Anxiety. She's a real bitch.
- Alyssa Hafling
- Apr 15, 2019
- 2 min read
Sorry Nana, but yes I said it. Anxiety is a BITCH. She's a Regina George, Heather Chandler, Cersei Baratheon, level bitch. She convinces you that you are worthless and can never amount to anything. She makes you feel like you shouldn't even try to work towards your dreams because you aren't good enough to actually make them happen. She also makes you feel like something is wrong when you should be completely happy with your life. She is the actual worst and she was super loud in my mind this week.
This week was a rough one for me. Just one of those where you have so much to do, but can't find the energy to do it.
So, I was watching my to do list get longer and longer while I wasn't doing anything about it. Bottom line, I was overwhelmed and when I am overwhelmed, in comes anxiety to make it that much worse. Her negative comments start to fill my head and then I feel it. The tightening of my chest, the struggle to breathe normally, and my heart start to beat faster. I was literally sitting still in my class the other day to look down at my FitBit and realize that my heart rate was almost 100 BPM. That's anxiety.
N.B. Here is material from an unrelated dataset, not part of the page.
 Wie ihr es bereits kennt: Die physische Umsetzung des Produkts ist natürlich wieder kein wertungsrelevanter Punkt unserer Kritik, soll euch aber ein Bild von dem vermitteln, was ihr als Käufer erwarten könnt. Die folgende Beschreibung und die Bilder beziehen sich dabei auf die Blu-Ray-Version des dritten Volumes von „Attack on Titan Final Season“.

I used to always think that anxiety was only what they showed in the media with the crying, and the not being able to breathe, and the room spinning. I never imagined it would also in the form of pulling at or popping my fingers or playing with my pen constantly while I'm in class or tuning out while trying to listen to someone talk. There are so many signs of someone feeling anxious it's insane, but mine were never severe, so I just assumed it wasn't worth mentioning because it wasn't as bad as some people have it, which is the farthest from the truth. Just because one person has stage 1 cancer and another person has stage 4 cancer, they both still have cancer and it is taken just as seriously for both of them. It's a disease no matter what stage it's in. Well, anxiety is no different. It is a mental illness whether you have extremely serious symptoms of it or seemingly minor symptoms. If it affects your life on a daily basis, it is a serious issue and needs to be addressed.
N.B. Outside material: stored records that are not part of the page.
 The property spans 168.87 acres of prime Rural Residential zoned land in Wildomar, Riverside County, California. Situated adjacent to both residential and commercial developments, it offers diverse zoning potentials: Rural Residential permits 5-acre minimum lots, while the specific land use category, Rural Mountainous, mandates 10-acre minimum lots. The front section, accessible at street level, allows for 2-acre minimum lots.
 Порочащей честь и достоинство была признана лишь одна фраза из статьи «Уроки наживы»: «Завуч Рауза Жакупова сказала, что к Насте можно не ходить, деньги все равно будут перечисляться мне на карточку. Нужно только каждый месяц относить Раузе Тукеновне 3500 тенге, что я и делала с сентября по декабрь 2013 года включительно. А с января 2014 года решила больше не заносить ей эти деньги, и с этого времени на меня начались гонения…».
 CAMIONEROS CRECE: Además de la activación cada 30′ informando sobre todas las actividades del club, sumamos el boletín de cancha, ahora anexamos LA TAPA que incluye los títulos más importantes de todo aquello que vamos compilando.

All in all, know that your feelings are valid and your mental health is important. Also, know that you aren't alone. I thought for the longest time that I was the only one that had these feelings until I opened up and started talking to people about it. Once I did that, I realized how many people are actually affected by anxiety, so it made me feel a little bit better about it. Lastly, know that the voice in your head is wrong. You are worthy, you can make your dreams come true, and you don't have to have it all together all of the time.
Challenge for the week: When anxiety shows her ugly little head, do me and yourself a favor, and punch that bitch in the face and tell her there is no room for her in your life anymore!!